- TASK INPUTS:
——————————
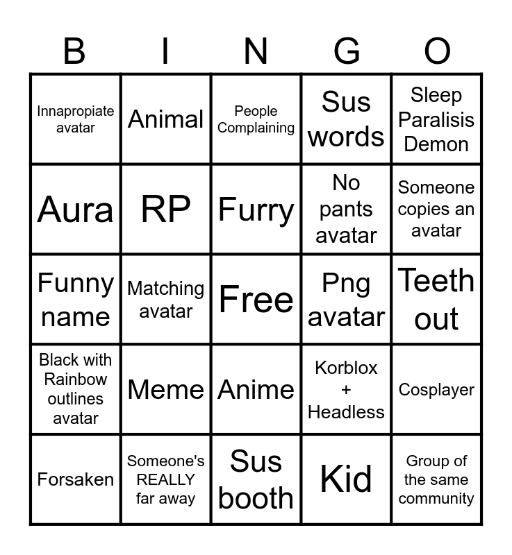 This bingo card has a free space and 24 words: Forsaken, Meme, Furry, Kid, Sleep Paralisis Demon, Innapropiate avatar, Animal, People Complaining, Png avatar, Teeth out, Funny name, RP, Korblox + Headless, Cosplayer, Aura, Someone's REALLY far away, Sus booth, Sus words, Someone copies an avatar, Black with Rainbow outlines avatar, Matching avatar, Anime, No pants avatar and Group of the same community.
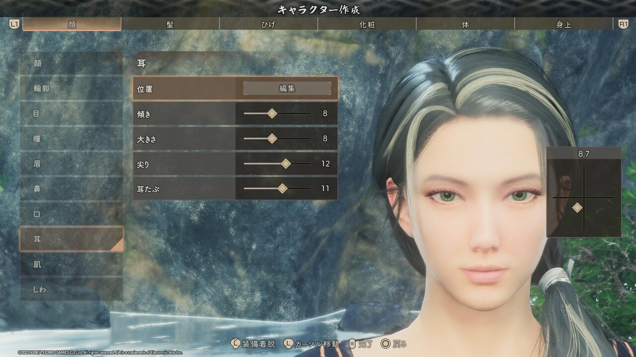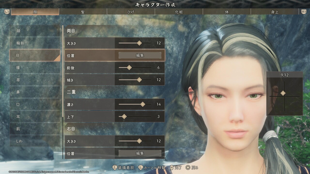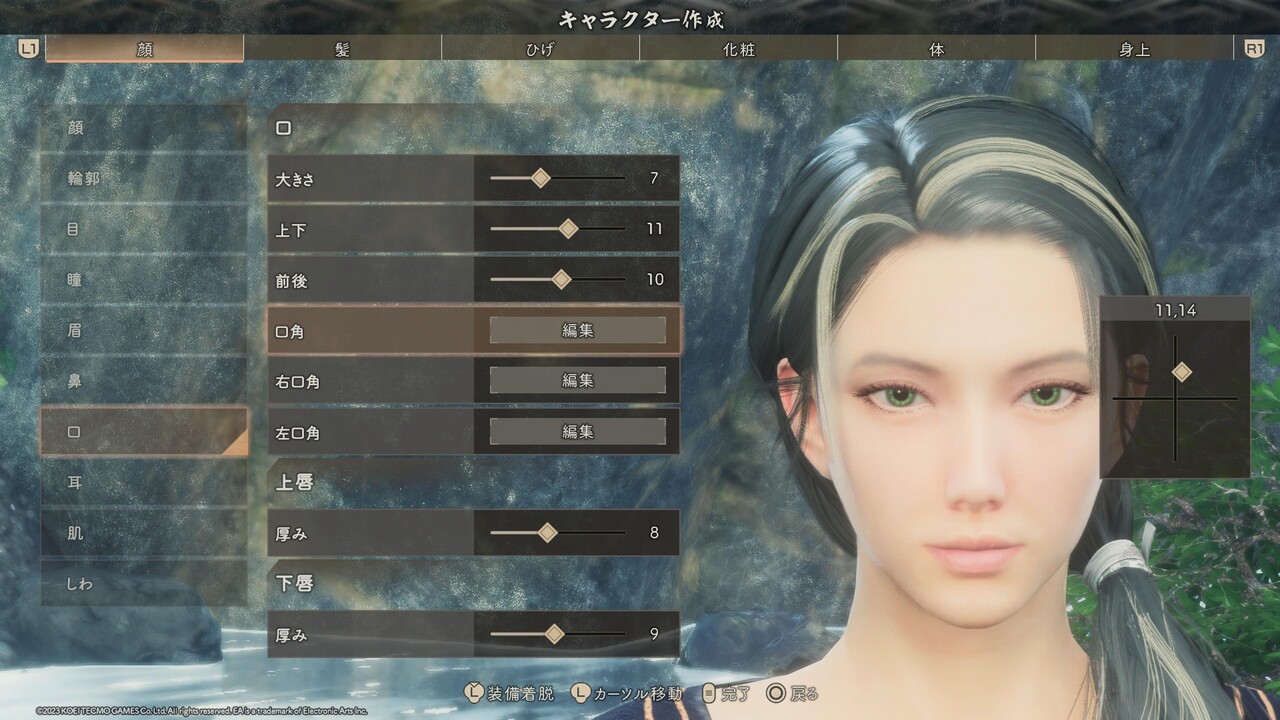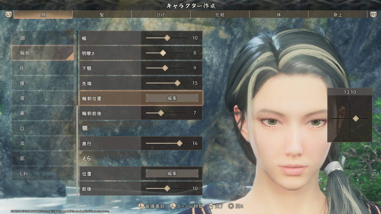 ※輪郭、目、鼻、口、耳のパーツ選択は、特別に表記が無い場合はどれも選ばずに、直接[詳細編集]を設定する。また、目と眉、口の項目にある[右目/左目] [右眉/左眉] [右口角/左口角] は左右別々に位置や形を変えるためのものであるため、顔つきを左右非対称にアレンジしたいとき以外、触れる必要はない。
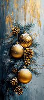 Kerstballen | Glanzende Kerstdecoratie Stilleven - Dit kerst schilderij toont een groep glanzende kerstballen en dennenappels, omringd door sneeuwbedekte dennenbladeren tegen een abstracte grijze en gouden achtergrond, waardoor een gevoel van winterwonder wordt uitgestraald.
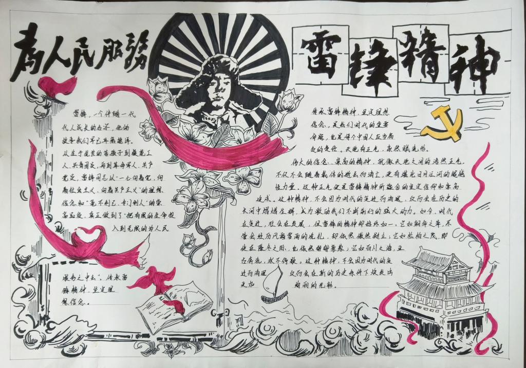 活动中,同学们深入挖掘雷锋事迹、名言等资料,精心设计手抄报。这些作品色彩鲜艳、内容丰富,有的以图片形式展现雷锋的助人为乐精神,有的则以图文并茂的方式介绍雷锋精神的时代价值。
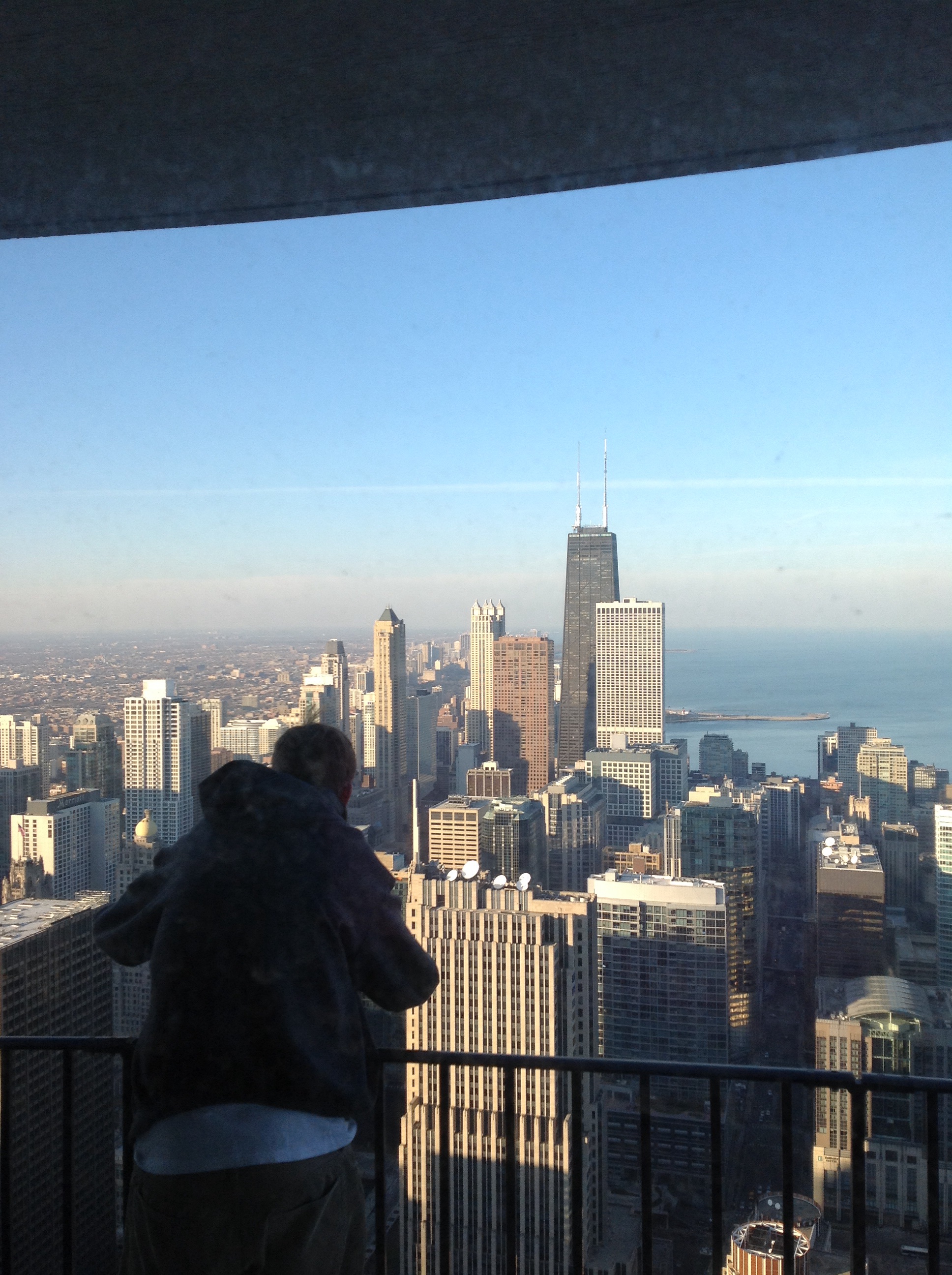 The view from Chicago, with Gerry’s son taking a photo from the terrace of Billy and Ann’s 78th floor apartment.
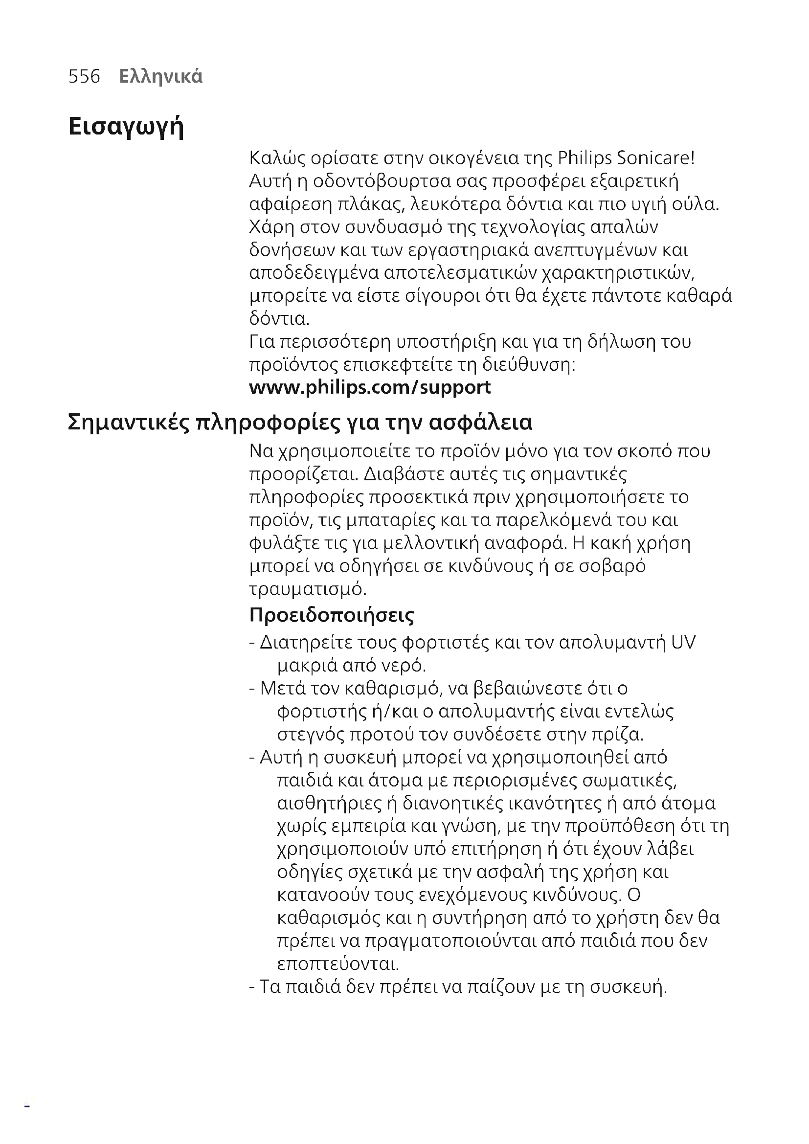 Για περισσότερη υποστήριξη και για τη δήλωση του προϊόντος επισκεφτείτε τη διεύθυνση: www.philips.com/support Σημαντικές πληροφορίες για την ασφάλεια Να χρησιμοποιείτε το προϊόν μόνο για τον σκοπό που προορίζεται. Διαβάστε αυτές τις σημαντικές πληροφορίες προσεκτικά πριν χρησιμοποιήσετε το προϊόν, τις μπαταρίες και τα παρελκόμενά του και φυλάξτε τις για μελλοντική αναφορά. Η κακή χρήση μπορεί να οδηγήσει σε κινδύνους ή σε σοβαρό τραυματισμό. Προειδοποιήσεις - Διατηρείτε τους φορτιστές και τον απολυμαντή UV μακριά από νερό. - Μετά τον καθαρισμό, να βεβαιώνεστε ότι ο φορτιστής ή/και ο απολυμαντής είναι εντελώς στεγνός προτού τον συνδέσετε στην πρίζα. - Αυτή η συσκευή μπορεί να χρησιμοποιηθεί από παιδιά και άτομα με περιορισμένες σωματικές, αισθητήριες ή διανοητικές ικανότητες ή από άτομα χωρίς εμπειρία και γνώση, με την προϋπόθεση ότι τη χρησιμοποιούν υπό επιτήρηση ή ότι έχουν λάβει οδηγίες σχετικά με την ασφαλή της χρήση και κατανοούν τους ενεχόμενους κινδύνους. Ο καθαρισμός και η συντήρηση από το χρήστη δεν θα πρέπει να πραγματοποιούνται από παιδιά που δεν εποπτεύονται. - Τα παιδιά δεν πρέπει να παίζουν με τη συσκευή.557
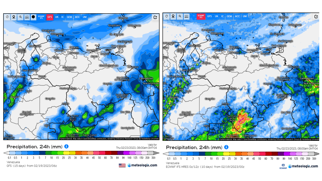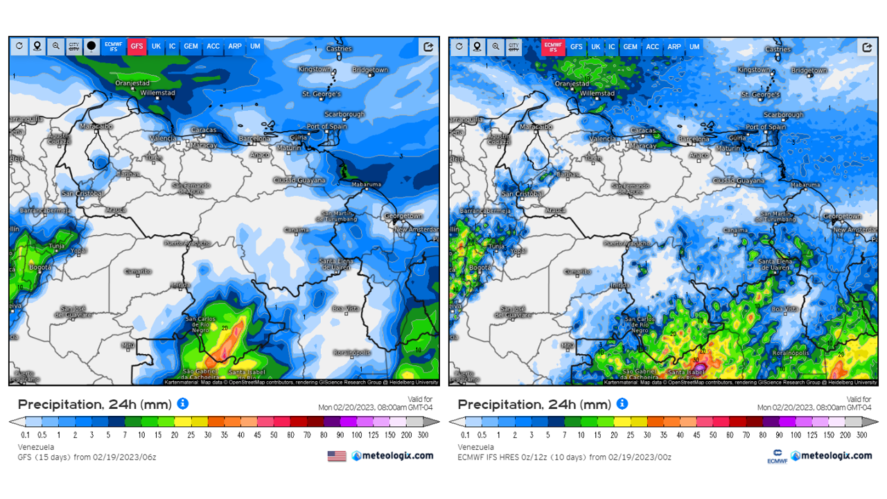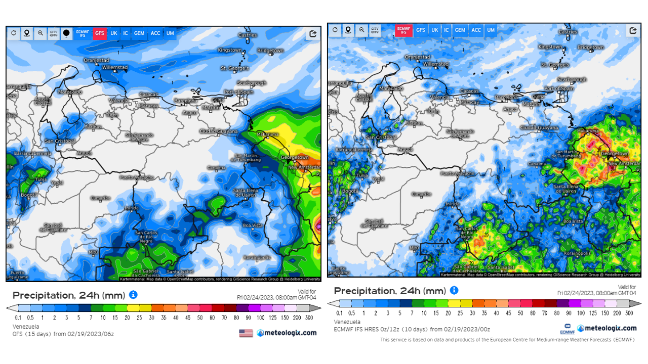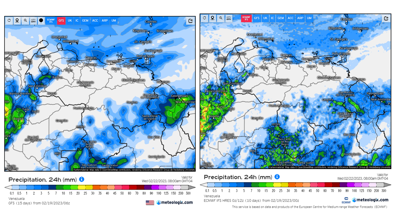 El pronostico semanal emitido por European Centre for Medium-Range Weather Forecast (ECMWF), se esperan eventos de precipitaciones promedio sobre el territorio nacional, con anomalías negativas en los andes, suroeste de bolívar y norte de Amazonas
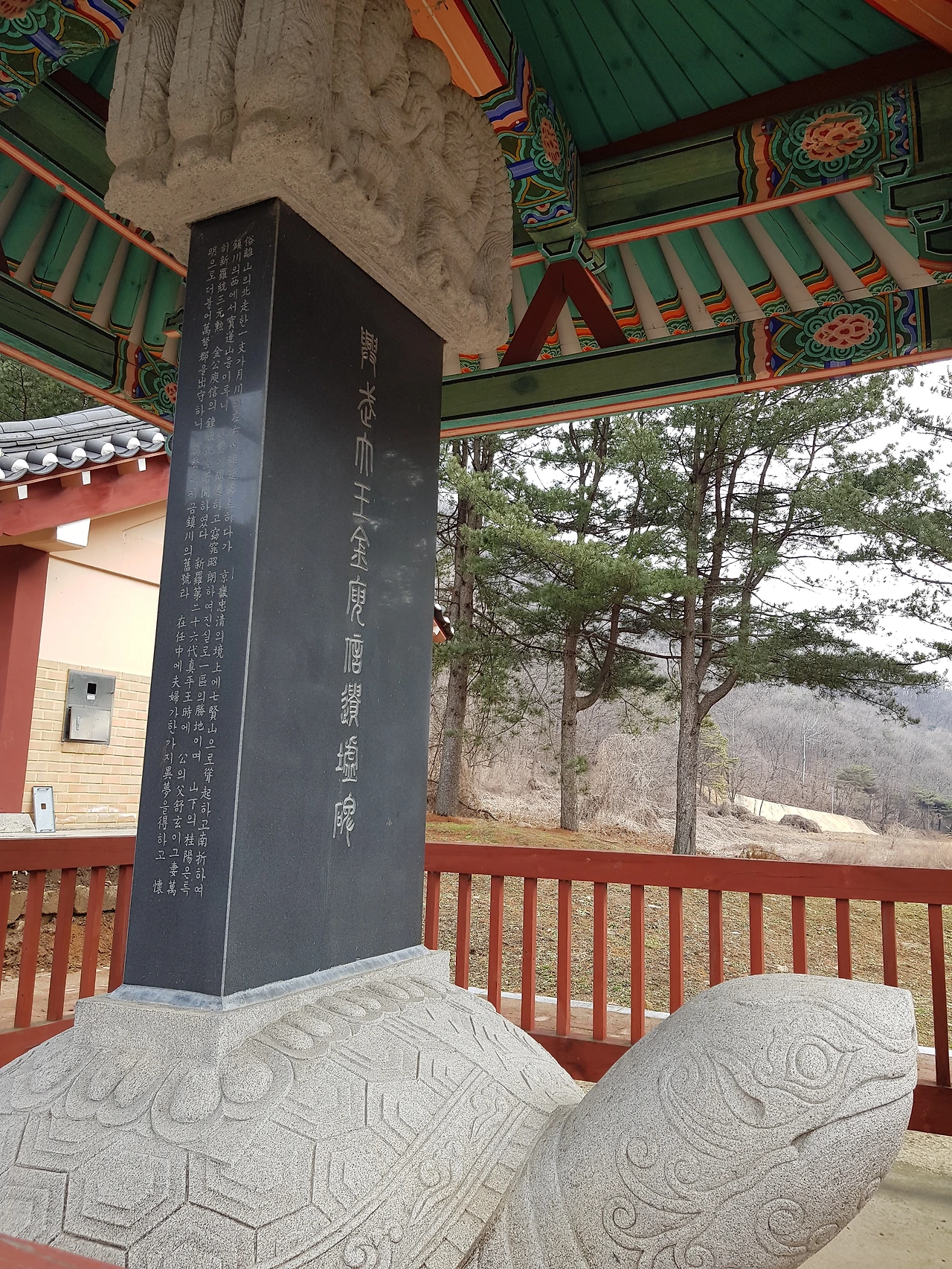 세운 지 오래지 않은 비각이 세워져 있었고 그 안에 흥무대왕 김유신 유허비가 있었고 안쪽으로 돌아가니
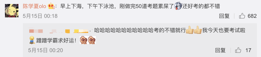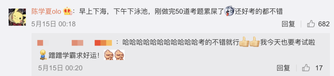 最终,努力的陈学冬给大家汇报了好消息,考的不错啦。
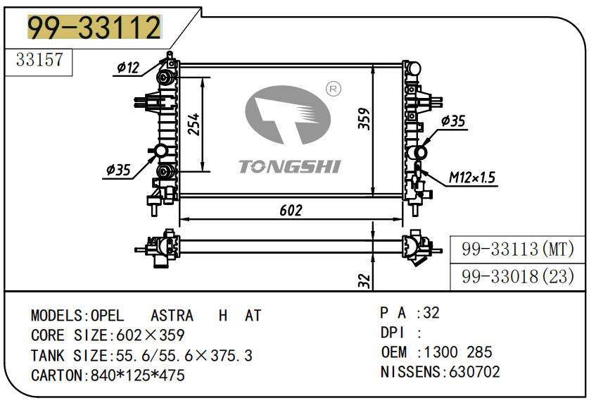 适用于沃尔沃V40 1.9TD D4192T 95- MT散热器
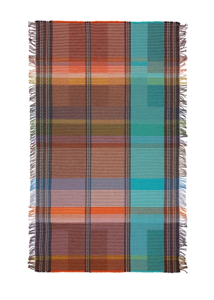 Ida features a bold fiery orange offset with a strong teal in this eye-catching throw, with deeper blueberry tones throughout the intricate striped sections.
——————————
- YOUR OBJECTIVE: Print exactly, and print only, the lines from the line with "适用于沃尔沃V40 1.9TD D4192T 95- MT散热器" through the last line of the entries, both ends included. No pictures belong in the result.

- EXERCISE OUTPUT:
 适用于沃尔沃V40 1.9TD D4192T 95- MT散热器
 Ida features a bold fiery orange offset with a strong teal in this eye-catching throw, with deeper blueberry tones throughout the intricate striped sections.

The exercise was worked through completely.